(A) The following definitions apply for the purposes of this limited medicaid benefit:
(1) "Pregnancy prevention/contraceptive management services" or "family planning services" are defined in rule 5101:3-21-02 of the Administrative Code.
(2) "Family planning-related services" are medically necessary services identified during a routine or periodic family planning visit that satisfy two criteria:
(a) They belong to one of four specific types:
(i) Diagnosis of sexually-transmitted diseases or infections (STIs);
(ii) Treatment of STIs other than human immunodeficiency virus (HIV) and hepatitis;
(iii) Mammography when indicated by a breast examination; or
(iv) Vaccinations against human papillomavirus (HPV) or hepatitis B provided in accordance with rule 5101:3-4-12 of the Administrative Code; and
(b) They are provided as part of a family planning visit or within sixty days of the family planning visit where their need was determined.

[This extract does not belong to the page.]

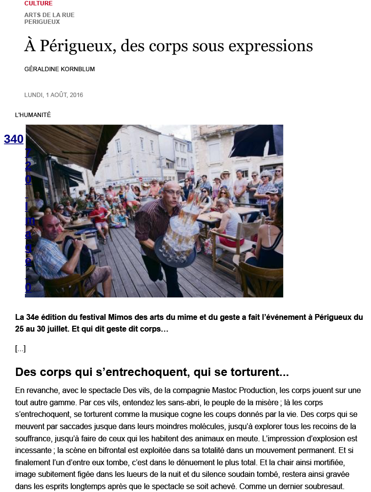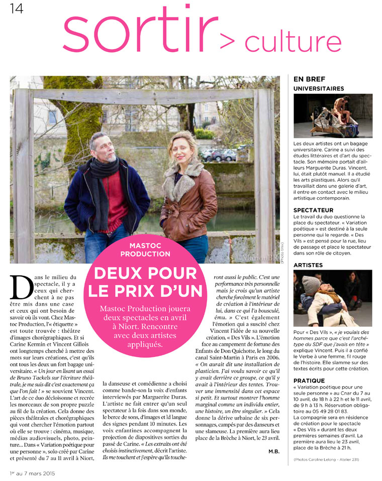 Le 29.07.2016 Festival Mimos, Périgueux (24) – Le 27.07.2016 Sortie de reprise à Melle (79) – Du 23 au 25.07.2015 Festival Chalon dans la rue, l’Abattoir, CNAR de Chalon sur Saône (71) – Les 15 et 16.05.2015 Les Rencontres d’Ici et d’Ailleurs, le Moulin Fondu, CNAR de Noisy-le-Sec(93) – Le 23.04.2015 PREMIERE à Niort (79) avec les Usines Boinot, CNAR de Niort (79) – Du 13 au 24.04.2015 Résidence de création aux Usines Boinot, CNAR de Niort (79) – Du 16 au 20.03.2015 Résidence de création au Boulon, CNAR de Vieux-Condé (59) – Du 16 au 27.02.2015 Résidence de création à l’Abattoir, CNAR de Chalon-sur-Saône (71) – Du 12 au 23.01.2015 Résidence de création l’Atelier 231 – Sotteville-lès-Rouen (76) – Du 03 au 07.11.2014 Résidence de création au Centre Chorégraphique National – La Rochelle (17) – Du 06 au 10.10.2014 Résidence d’écriture au Moulin Fondu CNAR – Noisy-le-Sec (93) – Le 18.11.2013 Rencontres à l’Ouest – Vendôme (41) – Présentation de projet

(B) Individuals who meet the eligibility criteria in rule 5101:1-41-40 of the Administrative Code have a limited medicaid benefit that only includes the following:
(1) Family planning and family planning-related services listed in the appendix to this rule;
(2) Hospital services covered in Chapter 5101:3-2 of the Administrative Code when provided as a family planning-related service as defined in this rule; and
(3) Medicaid-covered, FDA-approved drugs covered in Chapter 5101:3-9 of the Administrative Code when provided as a family planning-related service as defined in this rule.
(C) When submitting claims for services available under the limited family planning benefit, providers must include the information specified in rule 5101:3-21-02 of the Administrative Code. All claims, including pharmacy claims, for family planning and family planning-related services must be submitted with a family planning diagnosis code in the V25 series.